Give again only the lines from the line that holds "More information about" to the end of the data, inclusive, omitting all pictures.

** Opening Entries shown block **

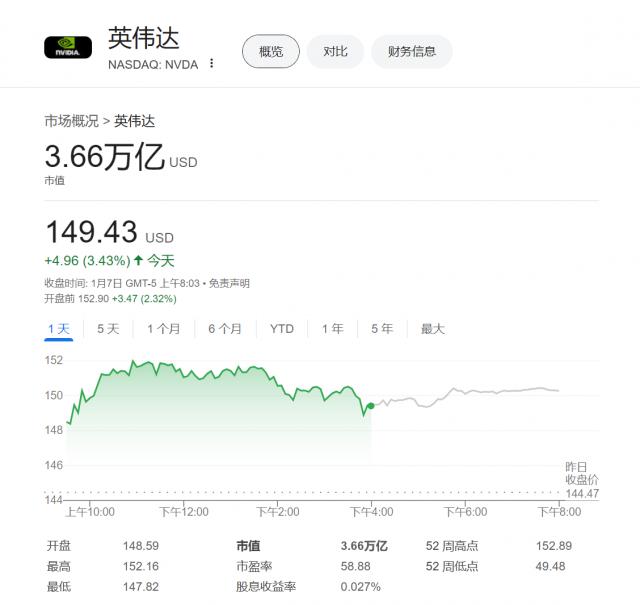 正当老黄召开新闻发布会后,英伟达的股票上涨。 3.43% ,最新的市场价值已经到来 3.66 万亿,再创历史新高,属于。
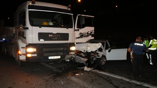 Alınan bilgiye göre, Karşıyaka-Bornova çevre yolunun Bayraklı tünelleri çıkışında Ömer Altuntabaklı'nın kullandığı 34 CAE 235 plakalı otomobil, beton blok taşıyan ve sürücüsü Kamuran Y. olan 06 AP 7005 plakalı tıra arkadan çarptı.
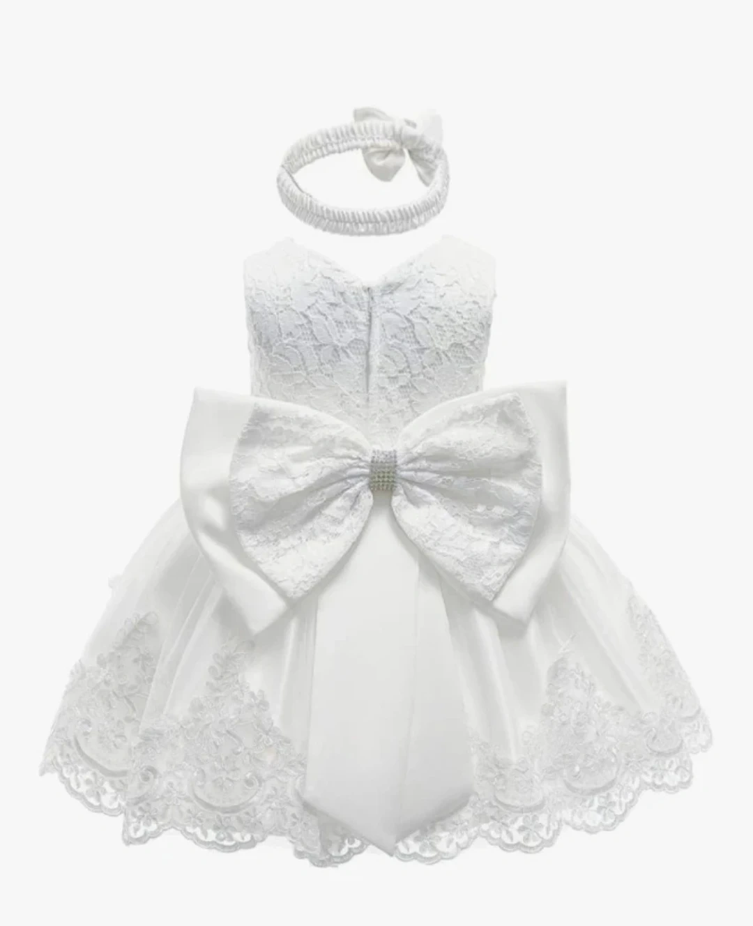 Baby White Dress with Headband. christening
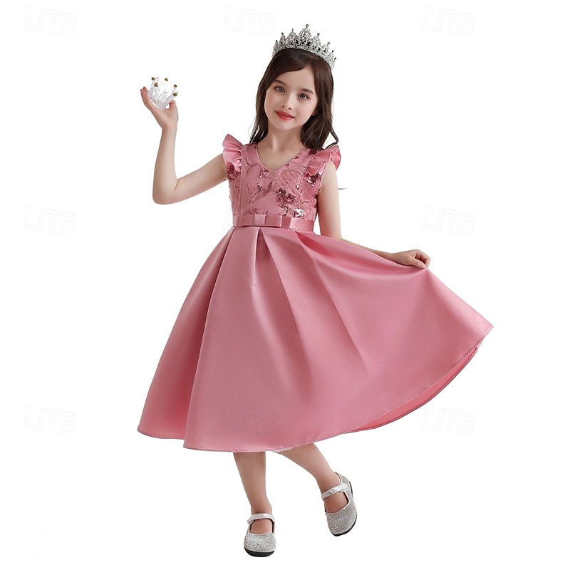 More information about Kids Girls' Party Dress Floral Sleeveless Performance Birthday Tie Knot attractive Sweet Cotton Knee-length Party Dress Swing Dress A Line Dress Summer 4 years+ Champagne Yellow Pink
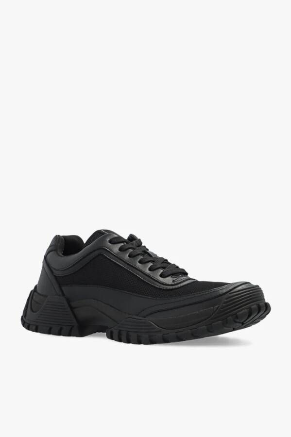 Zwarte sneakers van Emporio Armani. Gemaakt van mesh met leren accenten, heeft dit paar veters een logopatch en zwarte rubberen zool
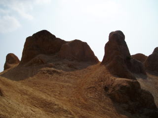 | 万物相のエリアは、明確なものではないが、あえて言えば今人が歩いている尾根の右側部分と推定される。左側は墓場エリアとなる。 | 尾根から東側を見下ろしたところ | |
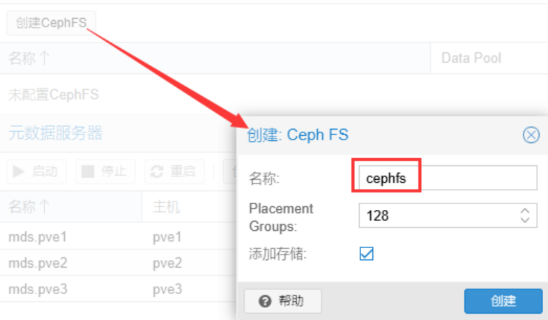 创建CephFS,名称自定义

** Closing Entries shown block **

• **Your solution**:
 More information about Kids Girls' Party Dress Floral Sleeveless Performance Birthday Tie Knot attractive Sweet Cotton Knee-length Party Dress Swing Dress A Line Dress Summer 4 years+ Champagne Yellow Pink
 Zwarte sneakers van Emporio Armani. Gemaakt van mesh met leren accenten, heeft dit paar veters een logopatch en zwarte rubberen zool
 | 万物相のエリアは、明確なものではないが、あえて言えば今人が歩いている尾根の右側部分と推定される。左側は墓場エリアとなる。 | 尾根から東側を見下ろしたところ | |
 创建CephFS,名称自定义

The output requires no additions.